====== Source information

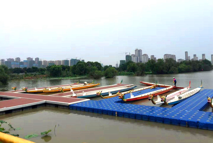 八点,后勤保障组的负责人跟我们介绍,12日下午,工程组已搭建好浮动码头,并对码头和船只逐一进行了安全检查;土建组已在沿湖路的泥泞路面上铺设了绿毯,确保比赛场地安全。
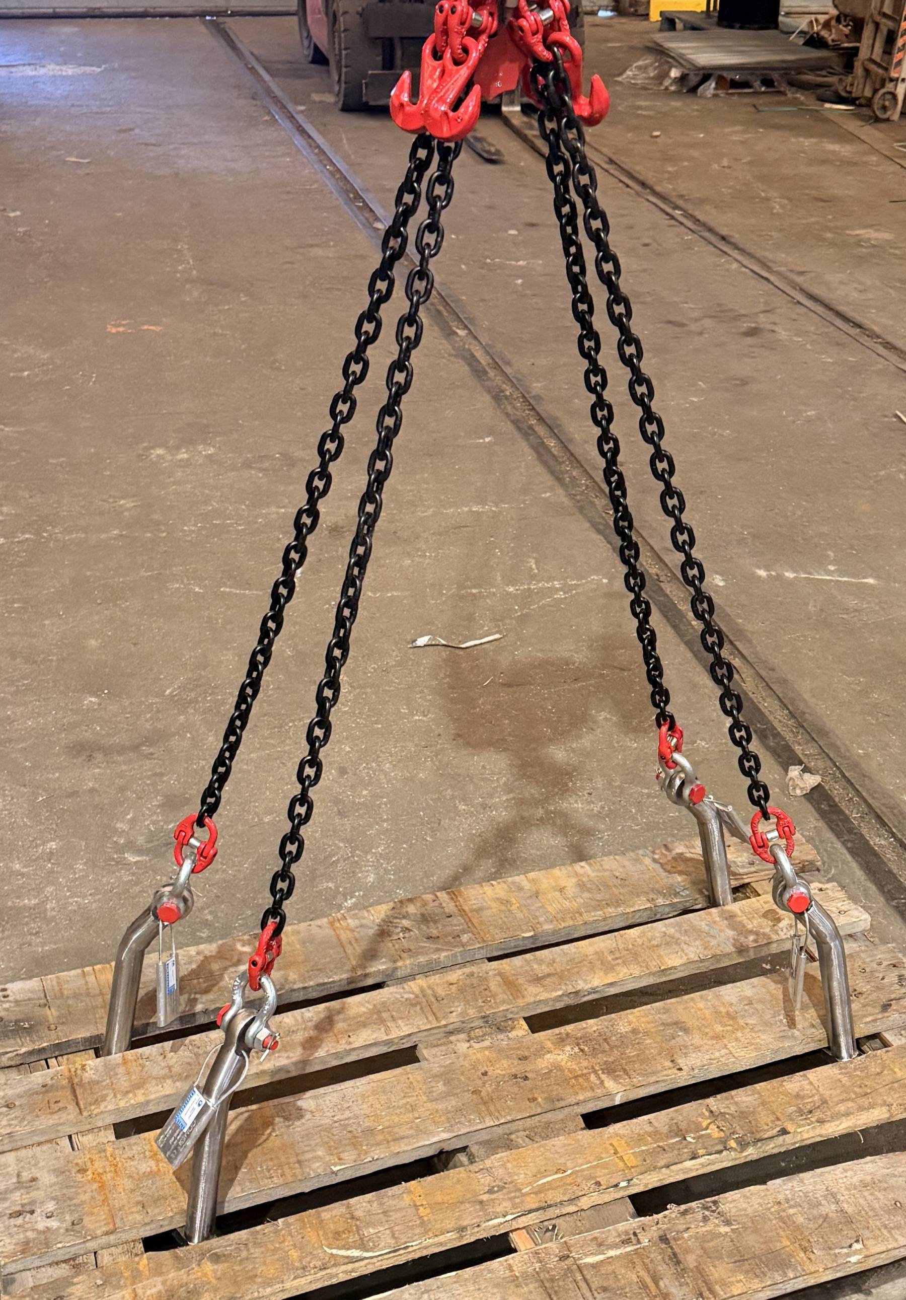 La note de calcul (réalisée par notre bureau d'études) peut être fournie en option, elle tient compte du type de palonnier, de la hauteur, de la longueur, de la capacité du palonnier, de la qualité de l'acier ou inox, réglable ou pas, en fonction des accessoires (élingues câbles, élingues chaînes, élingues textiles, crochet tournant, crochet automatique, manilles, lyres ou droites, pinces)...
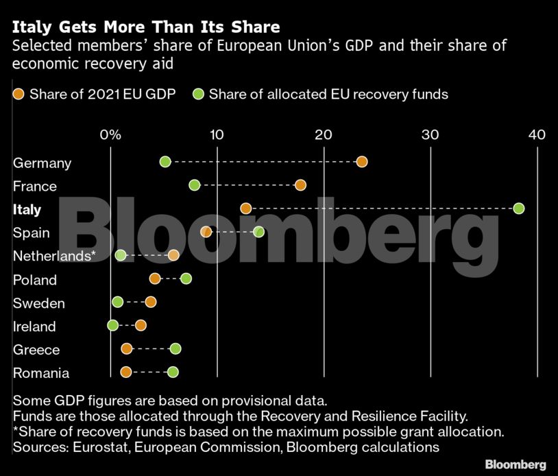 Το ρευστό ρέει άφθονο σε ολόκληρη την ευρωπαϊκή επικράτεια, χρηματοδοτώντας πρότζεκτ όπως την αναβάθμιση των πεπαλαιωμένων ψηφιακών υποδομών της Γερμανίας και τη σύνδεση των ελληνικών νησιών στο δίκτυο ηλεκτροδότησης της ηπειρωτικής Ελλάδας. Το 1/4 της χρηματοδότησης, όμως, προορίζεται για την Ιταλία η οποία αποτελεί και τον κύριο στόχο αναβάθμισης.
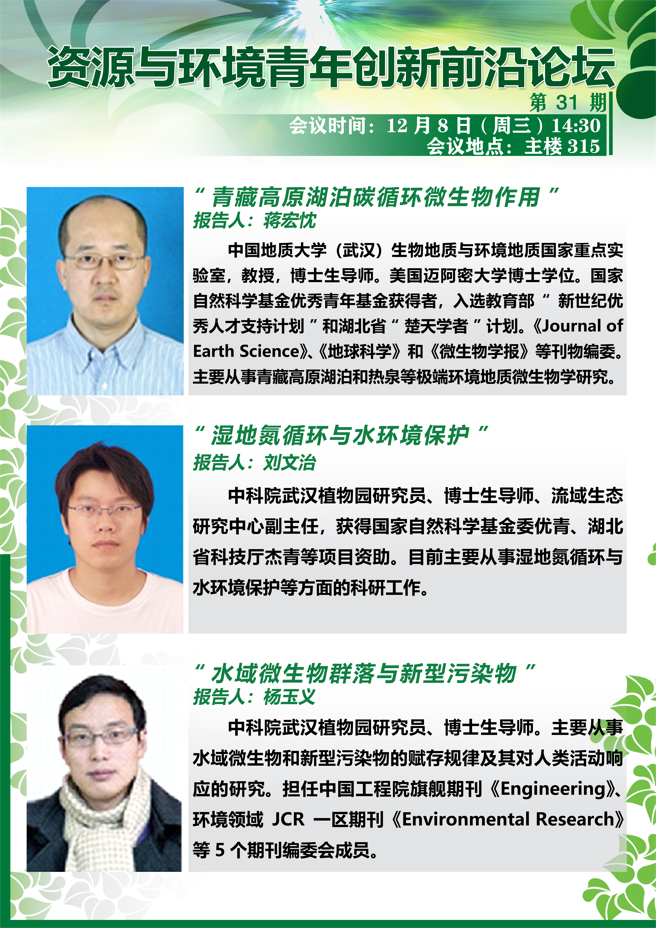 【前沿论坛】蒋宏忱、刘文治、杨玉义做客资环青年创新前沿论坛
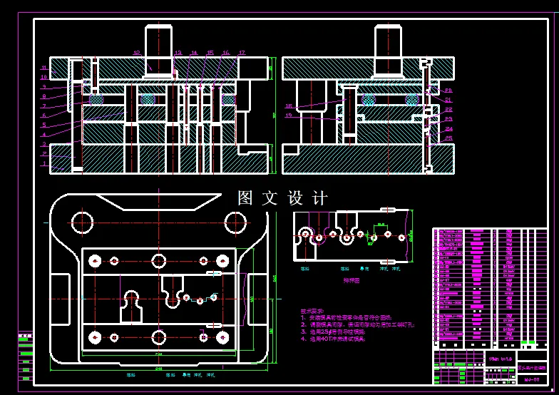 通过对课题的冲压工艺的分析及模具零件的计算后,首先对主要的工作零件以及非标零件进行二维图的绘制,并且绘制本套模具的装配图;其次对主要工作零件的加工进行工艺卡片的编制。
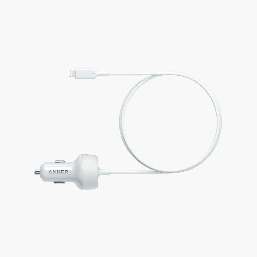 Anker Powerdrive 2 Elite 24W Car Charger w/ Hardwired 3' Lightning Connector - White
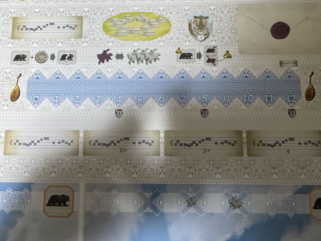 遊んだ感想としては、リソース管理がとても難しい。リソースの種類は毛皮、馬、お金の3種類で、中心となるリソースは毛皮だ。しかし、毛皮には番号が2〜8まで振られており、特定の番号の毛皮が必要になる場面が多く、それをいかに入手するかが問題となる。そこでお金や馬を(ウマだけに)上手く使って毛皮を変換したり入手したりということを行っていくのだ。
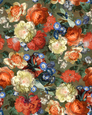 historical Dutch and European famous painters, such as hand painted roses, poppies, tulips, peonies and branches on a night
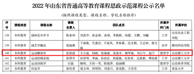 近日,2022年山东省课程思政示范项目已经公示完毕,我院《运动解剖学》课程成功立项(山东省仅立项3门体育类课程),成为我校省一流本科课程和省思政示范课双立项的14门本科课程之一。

============

Task prompt:
What you return should match the entries word for word, pictures aside.

Output for this task:
 八点,后勤保障组的负责人跟我们介绍,12日下午,工程组已搭建好浮动码头,并对码头和船只逐一进行了安全检查;土建组已在沿湖路的泥泞路面上铺设了绿毯,确保比赛场地安全。
 La note de calcul (réalisée par notre bureau d'études) peut être fournie en option, elle tient compte du type de palonnier, de la hauteur, de la longueur, de la capacité du palonnier, de la qualité de l'acier ou inox, réglable ou pas, en fonction des accessoires (élingues câbles, élingues chaînes, élingues textiles, crochet tournant, crochet automatique, manilles, lyres ou droites, pinces)...
 Το ρευστό ρέει άφθονο σε ολόκληρη την ευρωπαϊκή επικράτεια, χρηματοδοτώντας πρότζεκτ όπως την αναβάθμιση των πεπαλαιωμένων ψηφιακών υποδομών της Γερμανίας και τη σύνδεση των ελληνικών νησιών στο δίκτυο ηλεκτροδότησης της ηπειρωτικής Ελλάδας. Το 1/4 της χρηματοδότησης, όμως, προορίζεται για την Ιταλία η οποία αποτελεί και τον κύριο στόχο αναβάθμισης.
 【前沿论坛】蒋宏忱、刘文治、杨玉义做客资环青年创新前沿论坛
 通过对课题的冲压工艺的分析及模具零件的计算后,首先对主要的工作零件以及非标零件进行二维图的绘制,并且绘制本套模具的装配图;其次对主要工作零件的加工进行工艺卡片的编制。
 Anker Powerdrive 2 Elite 24W Car Charger w/ Hardwired 3' Lightning Connector - White
 遊んだ感想としては、リソース管理がとても難しい。リソースの種類は毛皮、馬、お金の3種類で、中心となるリソースは毛皮だ。しかし、毛皮には番号が2〜8まで振られており、特定の番号の毛皮が必要になる場面が多く、それをいかに入手するかが問題となる。そこでお金や馬を(ウマだけに)上手く使って毛皮を変換したり入手したりということを行っていくのだ。
 historical Dutch and European famous painters, such as hand painted roses, poppies, tulips, peonies and branches on a night
 近日,2022年山东省课程思政示范项目已经公示完毕,我院《运动解剖学》课程成功立项(山东省仅立项3门体育类课程),成为我校省一流本科课程和省思政示范课双立项的14门本科课程之一。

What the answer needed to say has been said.